I am writing a report on CPUs and I need to constantly need to cite technical information from a single reference multiple times throughout the report, specifically the datasheet for an Intel processor. Should I be citing my reference every time I cite some information from the datasheet like this?

This sentence has some information. [1]
....4 pages later...
This sentence has more information. [1]

Or should I only need to reference the data sheet once? I've searched around and it seems like it's a bad thing to cite the same reference multiple times, but I'm not sure how to handle this.

  • 4
    Cite it each time.
    – JeffE
    Sep 27, 2015 at 3:23

3 Answers 3


The most important principle to follow is that the source of the information that you are discussing should always be clear to a reader. I thus find the following citation heuristics useful:

  • When you present a single statement in isolation, as in your example, each such statement should be individually cited.
  • When you are presenting a few statements in a chain, the first should have a citation, and the others be connected by prose. For example:

    The Toast-o-matic processor has an unusual 19 bit word size [1]. It is also notable for its grilled cheese coprocessor and unusually high power demands. Strong cooling is required, as the specifications note that its browning module is capable of attaining temperatures of more than 500F.

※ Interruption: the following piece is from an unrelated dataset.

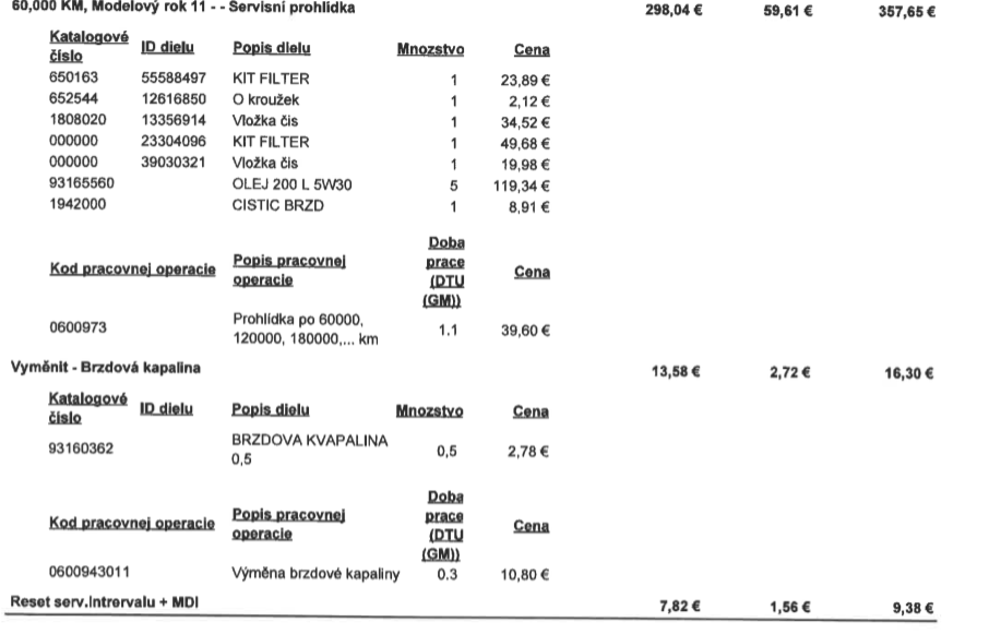 Ta cena je strasna! Ale je to OPEL servis takze normalna :)

  • For larger contiguous blocks, such as a full paragraph or section, there should be an explicit delineation of the region covered by the citation. For example:

    In this subsection, we briefly review the specifications of the Toast-o-matic processor[1]. The Toast-o-matic processor has an unusual 19 bit word size. It is also notable...


I usually follow this rule:

Any information on the paper can be classified as:

  • Outstandingly common knowledge (including a general reference - book/etc),
  • From another article (and you put the reference),
  • Original contribution from your work (no ref. needed!).

And I agree that is distracting to keep citing the same thing over and over again. What I usually do in this case is to say "we adopt the definitions from...[X]" and then I don't cite that source again in the following text, while mentioning stuff from that work. That way you make clear it is not your original work and where it is from without having to spam references.

Of course, if I have to cite it again, far from that text, with other references in the middle, I'd do the regular thing again.

Basically, in your case, I'd guess you could say something like "Using the information from the datasheet [X], ..." then do the whole thing without citing until you reach the next context...


I would say that it depends on the chosen (or prescribed) publication style guide and the frequency of citations across your document. If the frequency is several other pages (like four pages apart, as in your example), I do not see any serious reasons to avoid repeating the reference citation.

Generally, citing the same reference multiple time is not considered a bad thing, at least, as far as I know. Having said that, this aspect of writing is very likely to be also dependent on best practices or customs in a particular discipline or area of research.